08 October, 2017
Following a moratorium on future admissions on the facility imposed by the Florida Agency for Health Care Administration, the nursing home laid off 79 certified nursing assistants, 37 licensed practical nurses, 23 occupational or physical therapists, 18 registered nurses and five doctors, the Sun Sentinel reports.
Both the Hollywood police and the Florida Department of Law Enforcement are investigating the deaths as part of a criminal investigation. Eight had died before the home was evacuated, and four more since then.
The nursing home educated state authorities in a letter dated September 27 that the office had shut seven days sooner and its workers were out of occupations.

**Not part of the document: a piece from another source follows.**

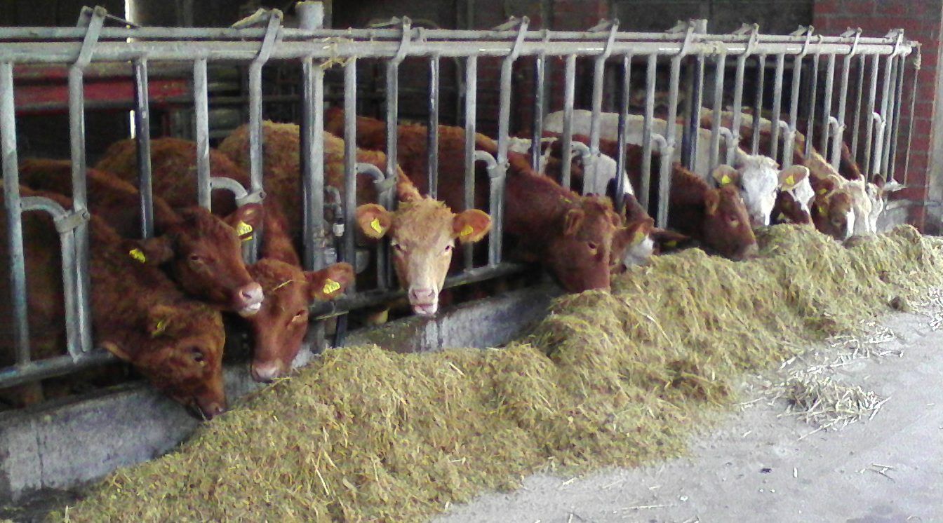 Auf dem Weberhof leben etwa 75 Kühe, Kälber und Jungtiere der Rassen Fleckvieh, Limousin und Charolais.

State officials later suspended their license, and owners eventually closed the facility permanently.
"A 60-day notice couldn't be given because of unanticipated business conditions that happened after the effect of tropical storm Irma", the letter said.
The notice to the state was provided under the Worker Adjustment and Restraining Notification Act of 1988, which is created to protect workers and their families by requiring employers to provide notice 60 days in advance of a plant closing or mass layoffs.
Harrison's bill, which is filed for the 2018 legislative session, would require a state comprehensive emergency-management plan to include guidelines for restoring electrical service with "prioritization of critical end-use facilities", including hospitals and nursing homes.